In this week, we focused on the aesthetic of the game and punched through a list of miscellaneous tasks that needed to be completed.

As part of the feedback we received. People like to plan 2 moves ahead. We’ve changed the seeds that are displayed on the launchers so that the game shows the next two colors instead of one, to provide more information. Along with this, we’ve iterated the style of the launcher which animates the first part to bounce the seed in to the grid, and then catches the next one. This will be iterated further in the coming days so that it feels nicer and more fluid.




We’ve added 3 power ups…

The Bomb:




The Switch:




The Color Bomb:




On difficult levels, these tools will be used to complete the level. This is where level designing will be very important to find the right balance between difficulty and skill and which encourages the use of these items that will be in-app purchases and rewards. We want the player to feel happy and clever for using them, as they foresee the sequence of events that will happen, to enable them to swipe that very last shape they need to complete the level.

More work is needed on the flowers that represent the individual power-ups. More clarity on which power up is which, the on/off states and an animation of it, as one is used.


This is an example of the different moods we’re trying to create for the different chapters of the game. We now have the ability to choose 3 layers for each level. A background that will splash the colour pallet of the level, a mid-ground for the arrangement of stars & weather effects and a foreground where it shows flowers and rocks. We can set a combination of these to create a larger amount of content and will tie in with the narrative and Ruya’s journey.

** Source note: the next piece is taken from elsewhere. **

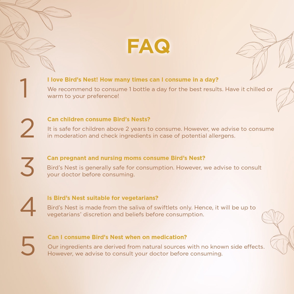 Water, Sugar, White Fungus, Collagen Peptide (Fish), Bird’s Nest, Permitted Stabilisers (INS 401, INS 415, INS 418), Permitted Acid Regulator (INS 500(ii)) & Permitted Colouring (INS 150a) as food conditioners

Taking into account the direction of the game design that has been made in the last couple of weeks, we realised that the up-tempo, bouncy themes already written for the game weren’t really fitting the new mood. The new Ruya wants to communicate a sense of peace to the player, the gameplay has a more relaxing pace as we got rid of any time restrictions. This needed to be reflected by the background music which has been stripped down to fewer layers and dropped in bpm, from the bouncy 120, down to a more chill out 90.

Long sustained chords replaced the short staccatos of the original theme but still keeping the same catchy melody that received good feedback from our testers.

We’re also experimenting with matching some ambience sound to the music to enhance immersion. Sounds like rain, fire, wind, crickets and waves are commonly known for their calming effects on the listener. So after gathering some recordings of these elements, we played them during gameplay together with the music, and we’re now looking to implement matching visuals.



End of Week Six

During this week we had the pleasure of speaking to Ian Turnball from Square Enix. It was interesting listening about his career in the games industry and afterwards he played Ruya which he enjoyed and said that it was very well scoped.  He gave some excellent constructive feedback.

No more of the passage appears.